Легионер убрал со стола карты и опрокинул пинком свой стул.
— Надоело. Давайте вместо этого устроим боксерский матч!
Все тут же было организовано. В поединке должны были встретиться Малыш и Хайде. Тесьму с диванов и кресел связали концами и обозначили ей границы ринга. Двое рослых мужчин стояли наготове в трусах и пехотных сапогах. Руки им перебинтовали марлевыми бинтами. Боксерских перчаток у нас не было.
— Я расквашу тебе рыло! — пригрозил Малыш, разжигая себя.
— Я вышибу тебе мозги, — выкрикнул Хайде.
— Все будет отлично, — торжественно заявил Порта.
Легионер кивнул.
Малыш усмехнулся и начал размахивать руками.
— Господи, как не терпится уложить тебя.
Легионер удержал его.
— Никаких ударов, пока не подам сигнал. И будете вести бой, пока один из вас не окажется в нокауте.
— Само собой, — воскликнул Малыш. И шумно заходил по комнате в пехотных сапогах.
Хайде сощурился и гневно посмотрел на него.
— Имей в виду, ублюдок, я чемпион города! Ты у меня похнычешь!
Легионер ударил гранатой по пустой противогазной коробке. Это был сигнал начать бой.
Боксеры подскочили и закружили по рингу. Оба держались как спортсмены, но мы знали по опыту, что спортивности их хватит не надолго. Как только кто-то первым нанесет сильный удар, бой перейдет в обычную драку со всеми ее подлыми уловками. Этого-то мы и ждали.
Хайде, прижав подбородок к груди, все время преследовал Малыша. Он походил на молодого быка, решившего прогнать всех других быков на край земли.

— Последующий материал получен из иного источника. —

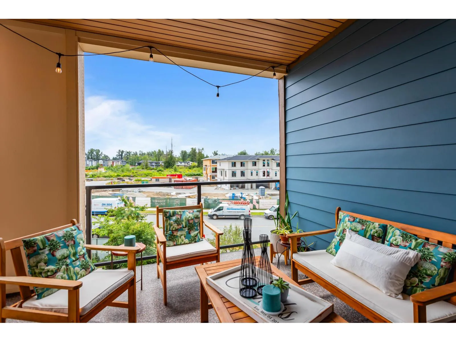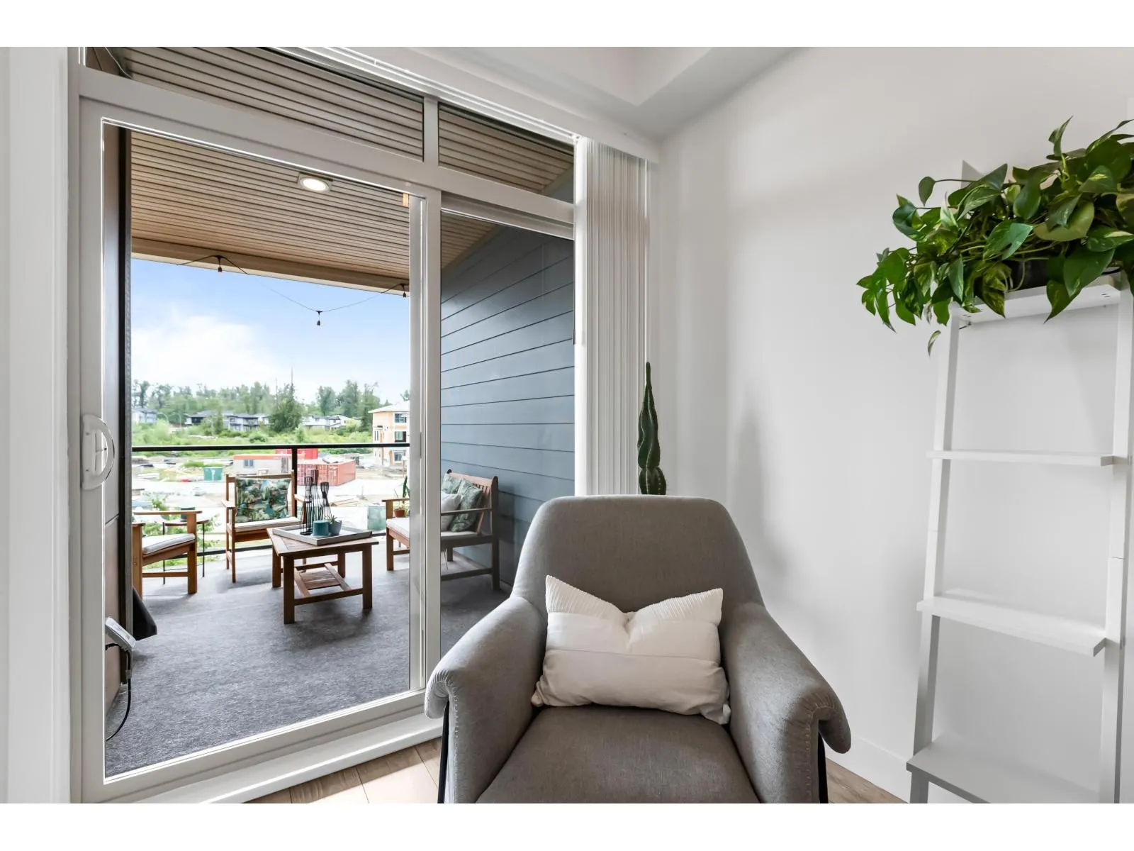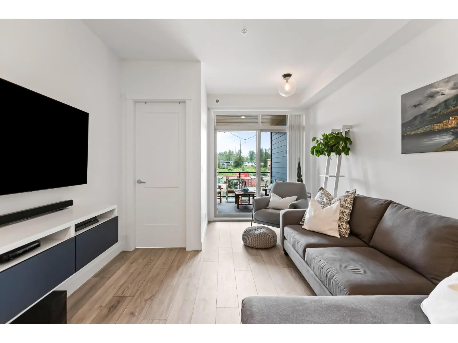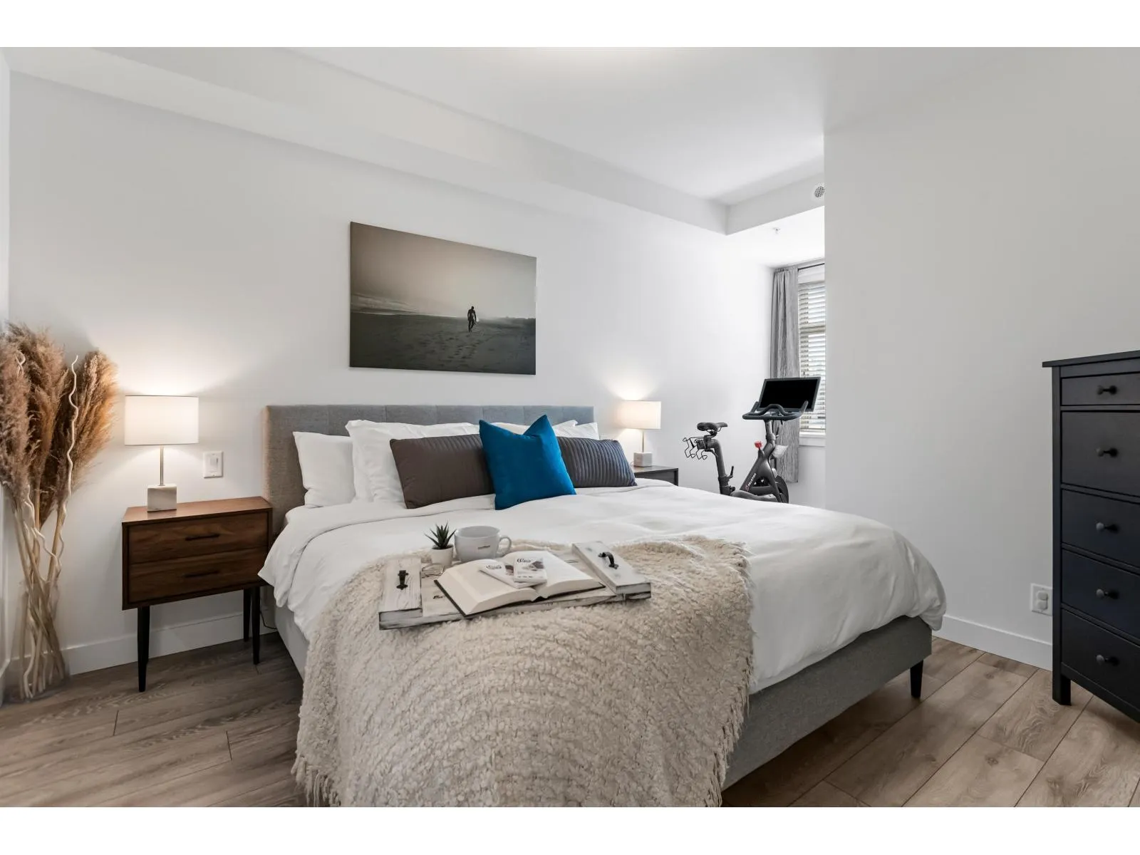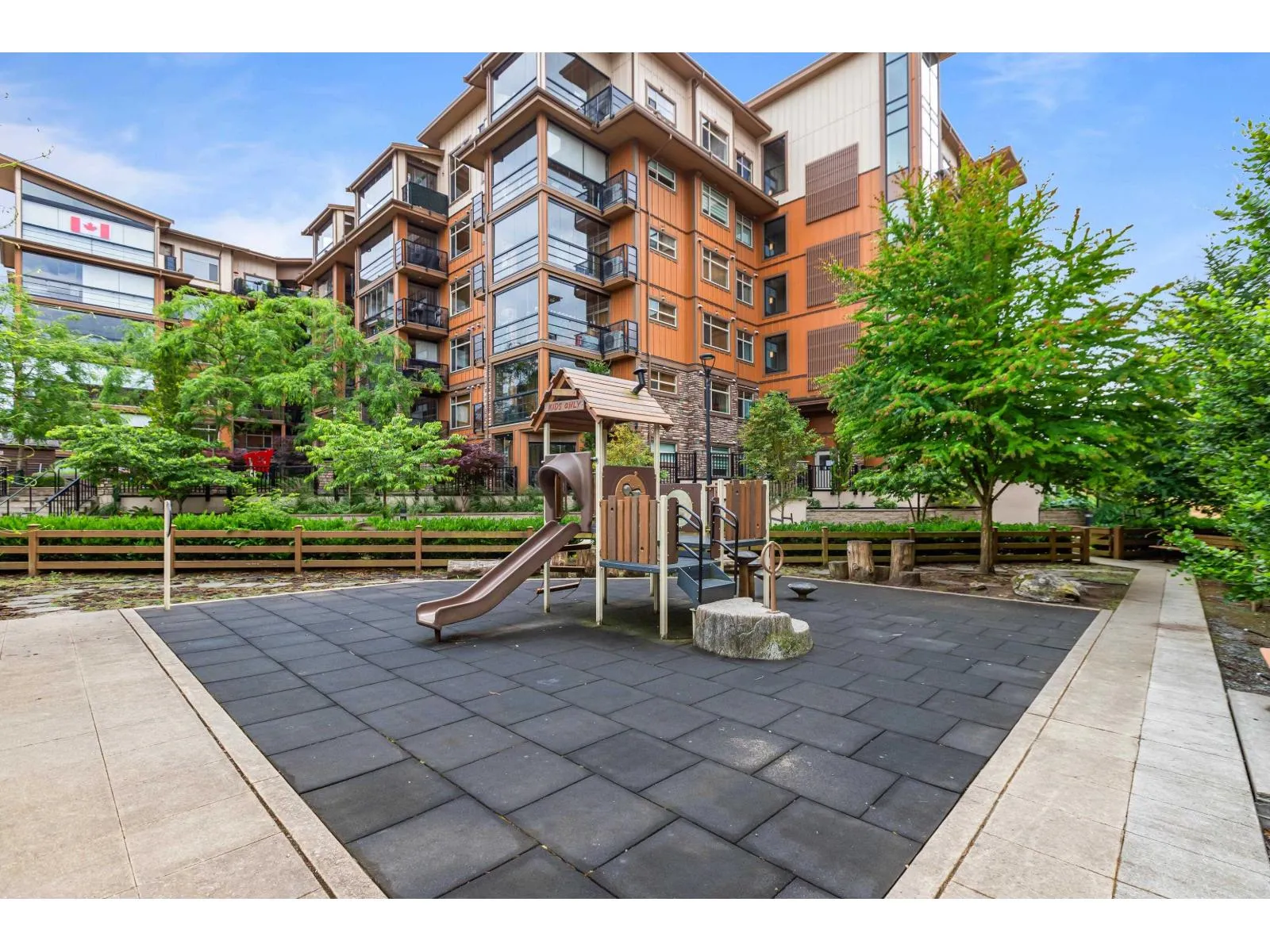Bright, stylish, and in the heart of Willoughby Town Centre, this 2 bed, 2 bath condo at Grayson checks all the boxes. It's been incredibly well cared for and shows like new. Smart layout with two true bedrooms, sunny south-facing views, and wide plank flooring. The kitchen has a gas stove, stainless appliances, and a big eat-up bar, perfect for hosting. The primary suite features a walk-in closet and sleek en suite with double sinks and heated floors. The second bedroom has a window and works great as a kid's room, office, or guest space. Large covered deck, gym, playground, and social lounge with BBQ and fire pit seating. Includes two parking stalls and a roll-up storage locker. Steps to parks, schools, and shopping. (id:27476)

Малыш пятился и рычал, как белый медведь, которого хотят лишить куска мяса. Оба противника вполголоса осыпали друг друга ругательствами.
Внезапно Хайде выбросил вперед правую руку и три или четыре раза ударил Малыша в лицо. Голова дернулась назад, словно на пружине. Малыш заревел от ярости и неистово замахал кулаками, не попадая в усмехавшегося Хайде, уходившего от всех смертоносных ударов. Он постоянно держал стойку и мастерски действовал в защите.
После трех раундов лицо Малыша было основательно разукрашено. Хайде стал слишком самоуверенным. После десятого он провел сильный удар слева по ребрам. Появилось кроваво-красное пятно.
Малыш сплюнул кровь и злобно зарычал.
— Теперь Малыш озверел, — радостно выкрикнул Штеге. — Если заденет Юлиуса, то убьет.
— Давай, Малыш! — крикнул Порта. — Он сказал, что побьет тебя запросто, как девчонку!
Малыш остановился и свирепо взглянул на Порту.
— Этот охламон так сказал?
Порта с усмешкой кивнул.
— Да, и еще кое-что.
Хайде тут же воспользовался остановкой Малыша и нанес ему сильный удар в солнечное сплетение. Потом ногой по запястью.
Малыш заревел от боли и бурлившей ярости. Опустил голову, как баран, и ринулся вперед. В стремительном движении вышвырнул с ринга Легионера, порвал канаты и запустил табуреткой в Хайде; тот отскочил и укрылся позади нас.
Из груди Малыша вырывались странные, звериные звуки. Он почти ничего не видел, потому что глаза его совершенно заплыли. Хайде ударил его ногой в живот и кулаком в лицо — это называется «датский поцелуй».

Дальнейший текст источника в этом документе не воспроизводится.